De wet is krom, ons doel helder!

In het voorjaar van 2022 is RefugeeConnect gestart. Een project met een maatschappelijke betrokkenheid naar de grote groep potentiële werknemers die verblijven in AZC’s in Nederland. Cijfers van het CBS wijzen uit dat er ruim 30.000 vluchtelingen in de werkbare leeftijd zijn, in afwachting van een verblijfsstatus. De combinatie van deze grote groep mensen en de recordhoogte van arbeidskrapte leek de juiste match.

Inmiddels draait RefugeeConnect een aantal maanden en is er veel gebeurd, geschreven en gezegd. Al vrij snel kreeg het project aandacht van de pers en gaf initiatiefnemer Maarten van Panhuis een aantal interviews aan lokale bladen. Hoe verder wij in de materie doken, hoe meer beperkingen er aan de oppervlakte dreven. In het eerste gedeelte van deze blog nemen we jullie graag mee in de laatste ontwikkelingen. In het tweede gedeelte, die volgende week verschijnt, lichten wij toe met welke beperkingen wij als eerste aan het werk zijn gegaan en hoe dat verloopt.

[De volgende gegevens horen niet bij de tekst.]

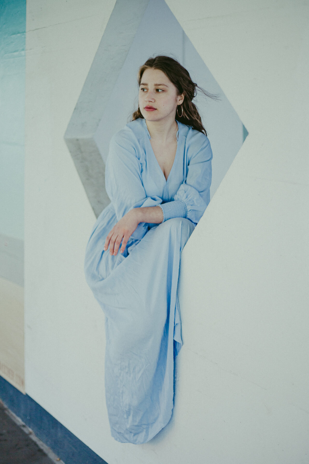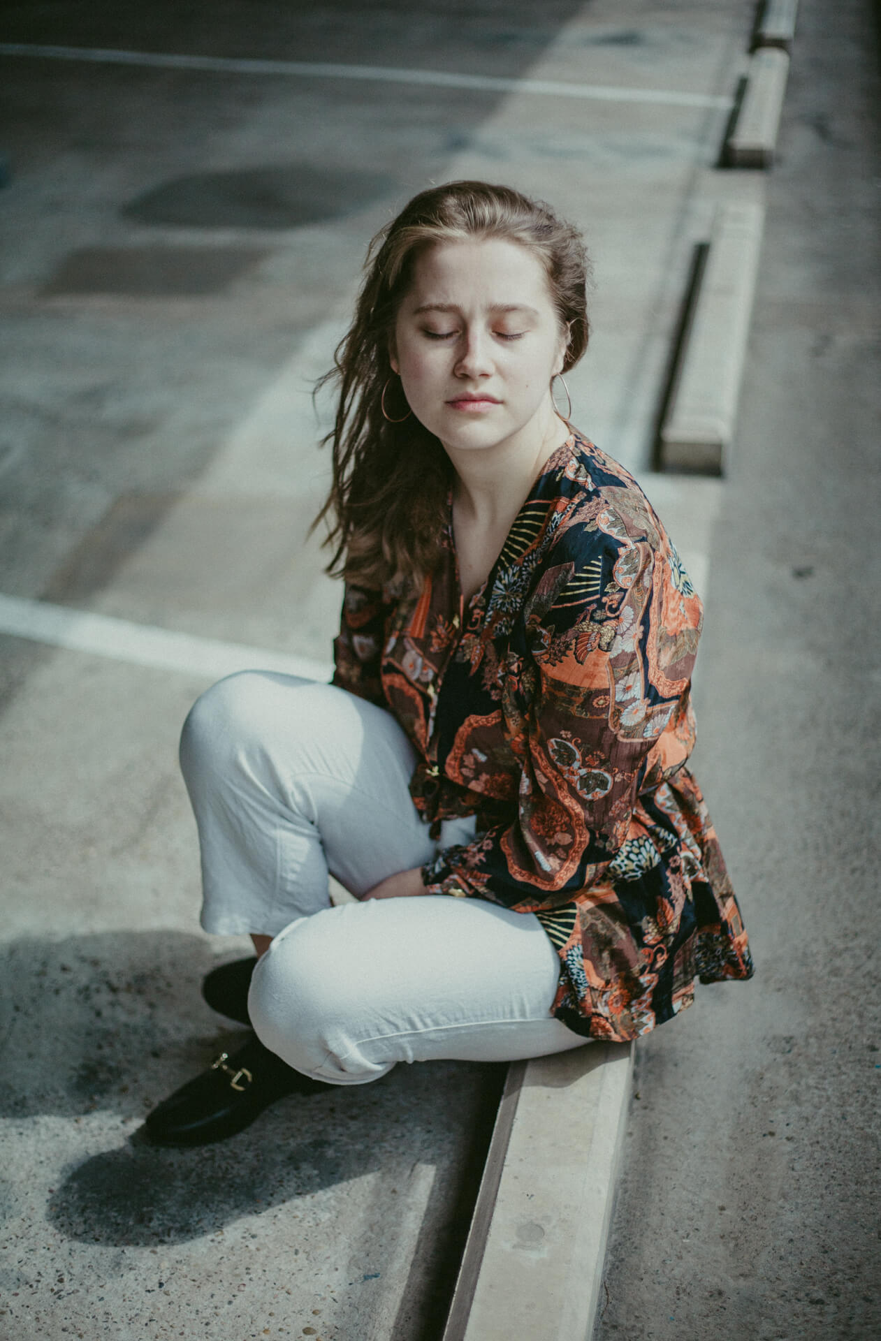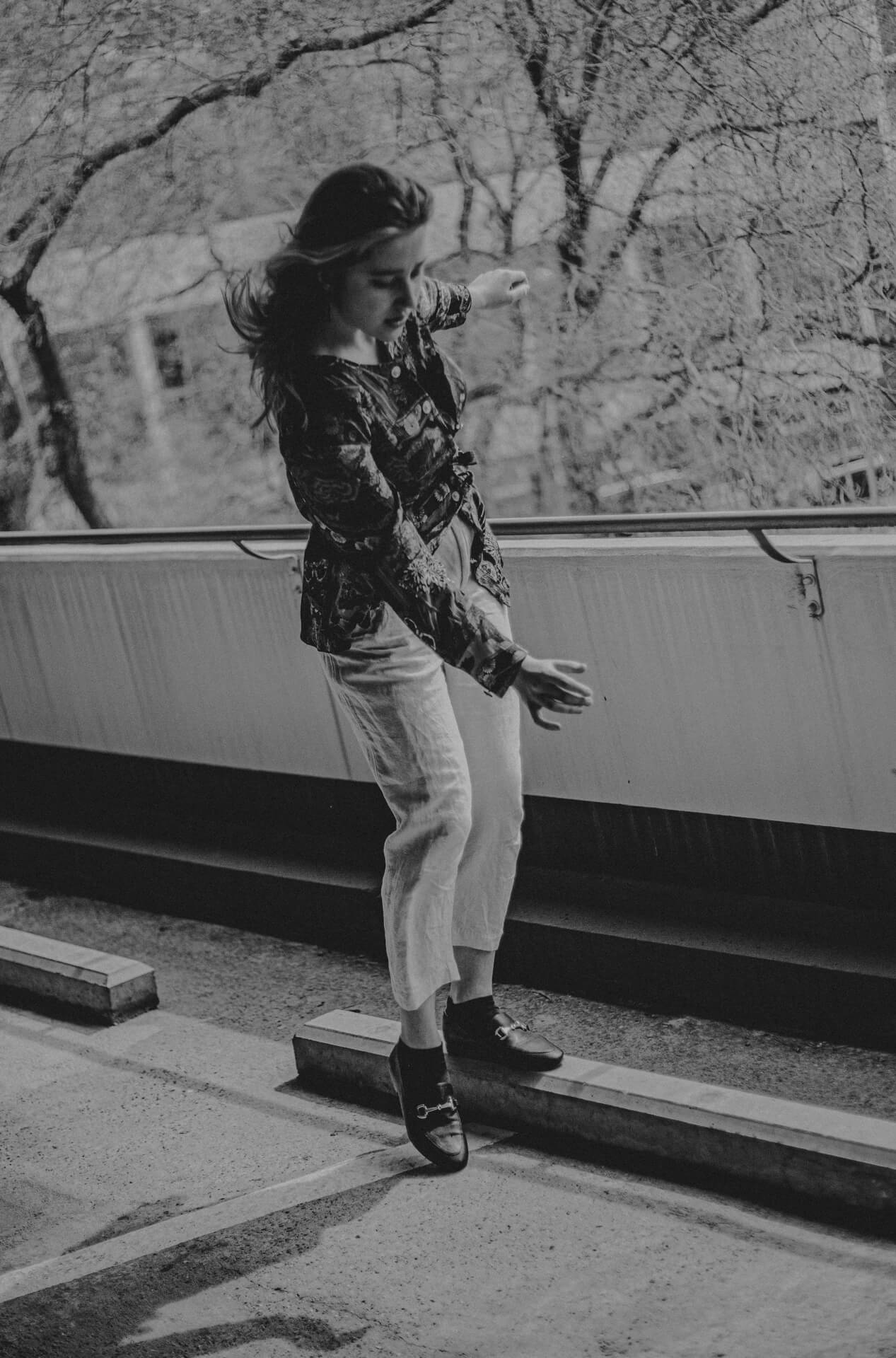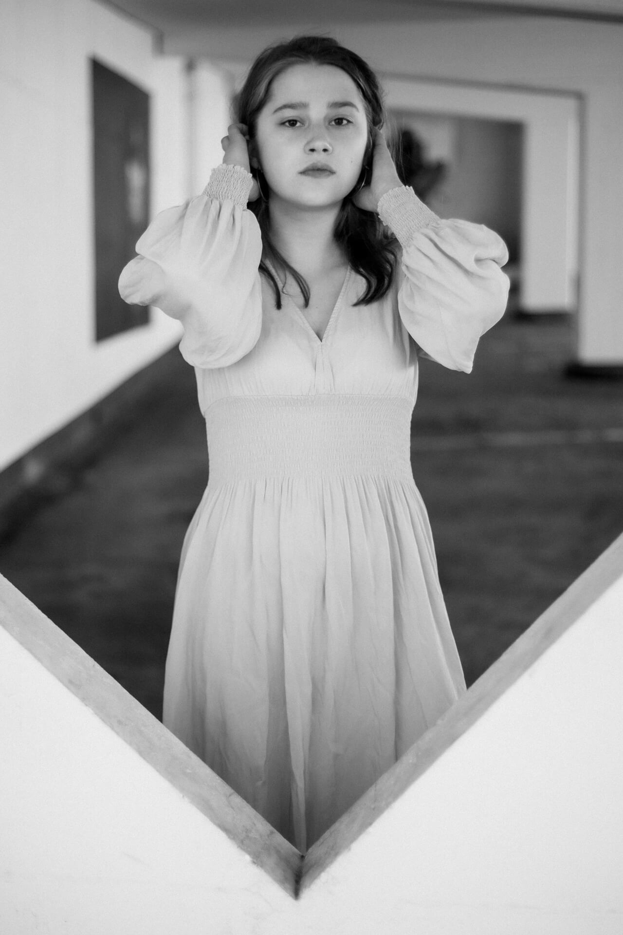 Ich bin in Stuttgart, um meine Schwester Theater spielen zu sehen. Bei dieser Gelegenheit biete ich Studierenden der HDMK Stuttgart Portraitshoots an. Marie ist da gerade in ihrem ersten Jahr des Schauspielstudiums. Wir treffen uns in einem Parkhaus, es ist ein warmer Tag und die Sonne steht hoch am Himmel. An den Wänden sind großformatige Fotografien tapeziert, die wir in das Shooting mit einbinden. Die Arbeit mit Marie ist leicht, alles geht wie von selbst. Sie nimmt meine Bildideen auf, fügt eigenes hinzu und entwickelt weiter. Ich bin gespannt, wo es sie noch hintreiben wird.
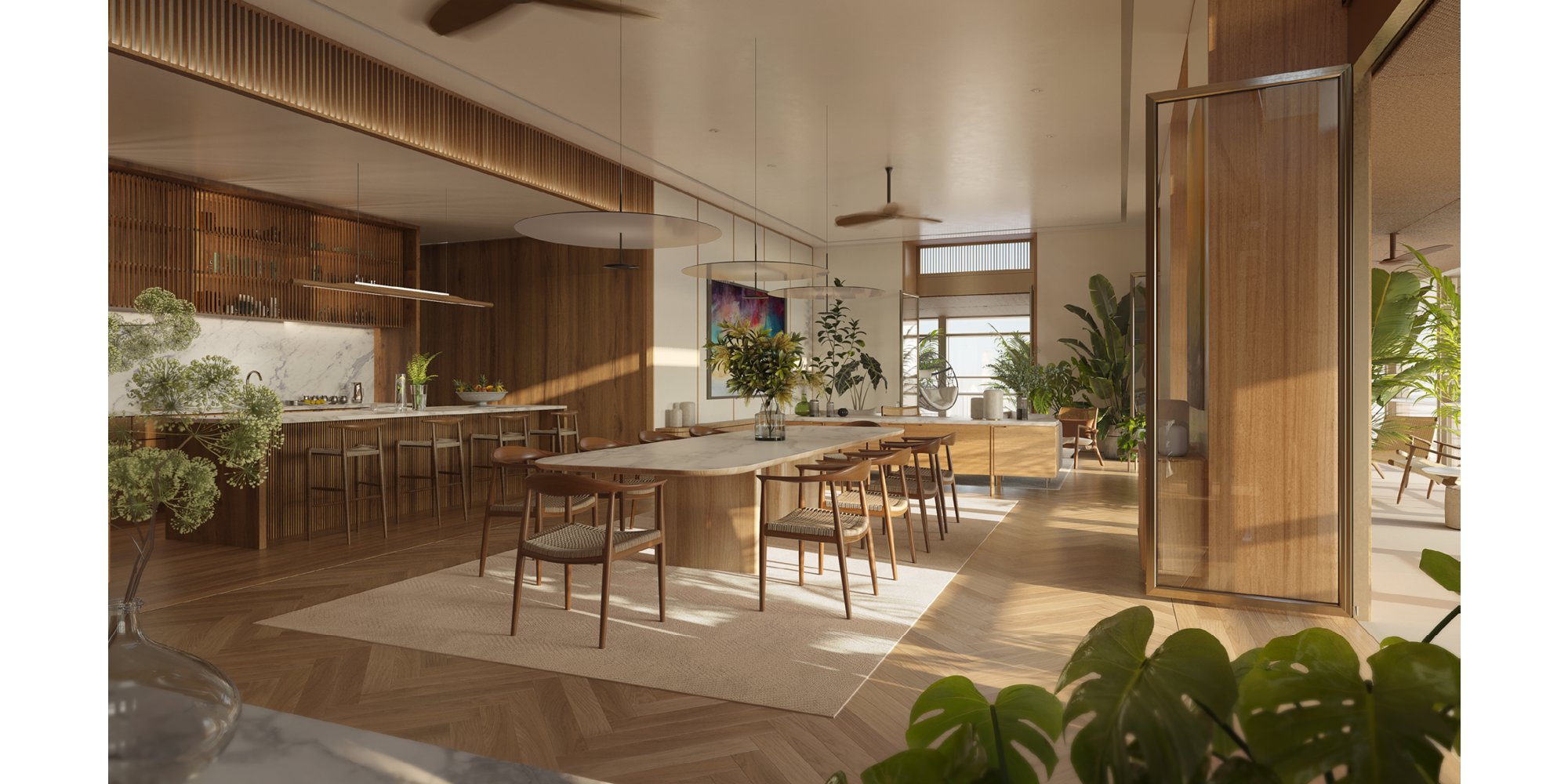 Still images can offer a supreme amount of detail and the opportunity to articulate a single space. Moving art's approach is different. ‘Spaces transform over time,’ Matthew reminds, ‘and moving art is a way to represent that.’ The sequencing and zooming 'in' and 'out' of spaces find ways to navigate a design story, with the focus being more on effect and user experience. ‘There’s also an auditory component that can be introduced,’ Matthew adds. ‘An analogue sketch can’t do that.’
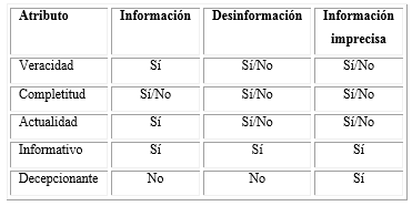 De acuerdo con los elementos mencionados anteriormente, la siguiente tabla de Karlova y Fisher29 sintetiza algunos atributos de la información, la desinformación y la información imprecisa.
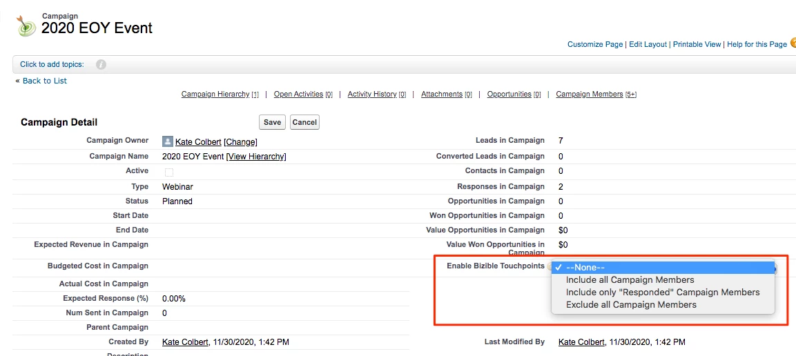 - Now that you've built the Custom Campaign Sync Rules in your Marketo Measure account, it's time to clean up the "Enable Bizible Touchpoints" field in your CRM and discontinue its use/prevent future use.

In de korte tijd dat RefugeeConnect operationeel is, zijn er een hoop beperkingen op ons pad gekomen. Niet één van hen kunnen wij zelf wegnemen en het lijkt alsof we nog maar aan een voorstadium staan van de impact die we kunnen creëren. Een opsomming:

Geen studie of werk/leer traject
Voor vluchtelingen die nog geen statushouder zijn is het niet mogelijk om, eenmaal in Nederland, een studie of werk/leertraject te starten. Dit is een enorme beperking voor velen van hen. Niet alleen in ontwikkeling maar ook in psychologische ontwikkeling en deelname aan de samenleving.

Geen verstrekking Nederlands Rijbewijs
Bewoners van het AZC mogen geen Nederlands rijbewijs halen als ze nog geen verblijfsstatus hebben. De wachttijden zijn zo lang, dat je de mensen enorm beperkt in ontwikkeling, inburgering en vrijheid. Het rijbewijs uit land van herkomst mag een beperkte tijd gebruikt worden.

Scheve verhouding afdracht aan COA
Wat ook ter sprake kwam de afgelopen periode was de afdracht die vluchtelingen verplicht moeten doen aan het COA op het moment dat zij een inkomen genereren. Een terechte afdracht, alleen de verhouding is scheef. Iedere inwoner van het AZC krijgt namelijk leefgeld: een vast bedrag voor volwassenen en een bedrag voor kinderen naar rato van leeftijd. Je ziet nu dat wanneer één persoon uit een familie (ongeacht in welke samenstelling) aan het werk gaat, hij/zij voor alle familieleden een bijdrage aan het COA moet betalen. Conclusie is dat werken hierdoor niet aantrekkelijk wordt gemaakt omdat men minder geld overhoudt. De drijfveer om te gaan werken wordt minimaal en een direct gevolg is dat er massaal wordt zwart gewerkt. Een ontwikkeling die wij niet goedkeuren, want dit betekent dat men niet verzekerd is op het moment dat er iets gebeurd.

Kinderopvang
Wanneer vluchtelingen in het AZC verblijven en werk vinden zien wij vaak dat er binnen het AZC opvang geregeld wordt voor de kinderen. Zodra men een verblijfsstatus en woning toegewezen krijgt, krijgen zij te maken met de wachtlijsten voor kinderopvang. Vaak betekent dit dat zij minder moeten gaan werken omdat de kinderen niet alleen thuis kunnen zijn.

Lening gemeente en inburgering
Na 3- of soms wel 4 jaar krijgen vele inwoners van het AZC uitsluitsel over hun verblijfsstatus. Als zij in de situatie terecht komen waarbij een vergunning wordt toegekend, kunnen zij op zoek naar een baan én woning. In vele gemeenten kregen deze nieuwe statushouders een lening voor de inrichting van hun huis. Deze lening kan oplopen tot € 7.500,-. Er zijn op dit moment gemeenten die hebben besloten dat wanneer er sprake is van een arbeidscontract, er geen of beperkte aanspraak gemaakt kan worden op deze lening. Het gevolg is dat veel nieuwe statushouders daarom wachten met het zoeken van een baan tot ze deze lening hebben verkregen.

Nieuwe statushouders zijn daarnaast verplicht om een inburgeringscursus te volgen. Deze duurt vaak 4 tot 5 dagdelen per week, minimaal een jaar lang. In veel gemeenten is er geen flexibiliteit om deze in de avonduren of weekenden te volgen. Met als gevolg dat men het contract moet laten aanpassen naar minder uren en zij zo minder verdienen of het contact zelfs noodgedwongen moeten laten beëindigen.